Unfortunately, students (especially undergraduates, and even more especially high school students) are highly motivated by "points" and often don't value anything that isn't worth any "points" in a class. For example, one quarter I had two precalc classes, one right after the other. In one section, I took attendance every day and factored that into a "participation" grade. In the other section, I took attendance, but did not factor that into the grade at all. The classes were otherwise as identical as they could be. In the class where I gave credit for attendance, I had an average of about 90% daily attendance, while the other class averaged out to about 60%.
As such, I think that it is necessary to give students some kind of grade for completing their homework. Moreover, I think that such a grade should be directly tied to the homework (rather than to quizzes based on homework problems; I think that students often fail to see the connection). That being said, I think that the key work here is completion. I typically don't knock myself out grading every problem, and will often grade homework in a completely binary manner (1 point for turning in a substantially completed assignment, 0 points for not turning in anything or turning in something that is incomplete). Alternatively, if homework can be done online (my institution uses either WebWork or WebAssign for most lower division classes), I tend to take the score given by the computer, and "round up" to the next letter grade.
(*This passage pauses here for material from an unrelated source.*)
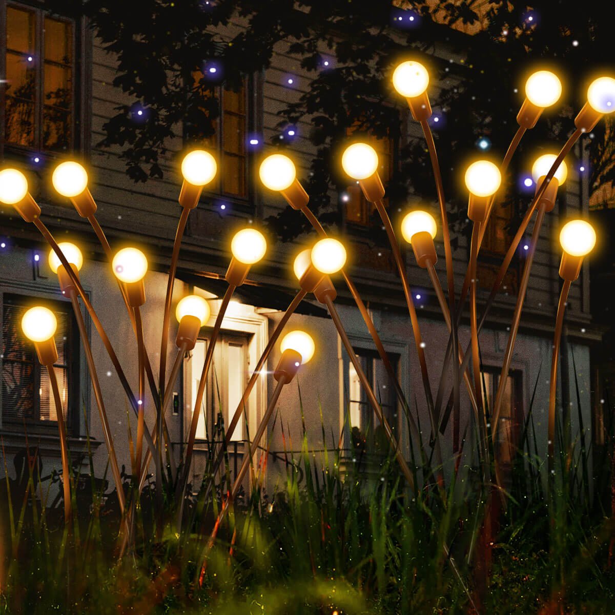 These unique solar garden starburst swaying lights each pack has 6 led little light bulbs. The unique feature is they can sway when the wind blows,you can walk out of your house just to enjoy their nightview beauty when there is wind blows. Perfect for your home, garden, walkway, pathway, yard, lawn, swimming pool and other outdoor decorative occasions.

The goal is to give students an incentive, in the form of "points", to complete their homework. I am trying to exploit my students' innumeracy (they'll work quite hard on their homework for a tiny fraction of their overall grade) and the Skinner box-like reinforcement that comes from giving students "points" in order to get them to do something that is good for them (i.e. finish the homework). At the end of the day, the homework grade shouldn't have that much effect on their overall grade (exams or projects will be much more important).
In short, yes I grade homework, but (1) I focus on completion over accuracy and (2) I don't make the homework grade a huge component of the overall course grade. In answer to the secondary question ("Should I give homework quizzes?"), I think that is a fine strategy, but I would employ it in addition to assigning some kind of homework grade (with, perhaps, more weight given to the quizzes) and I would be careful not to spend too much lecture time on quizzes.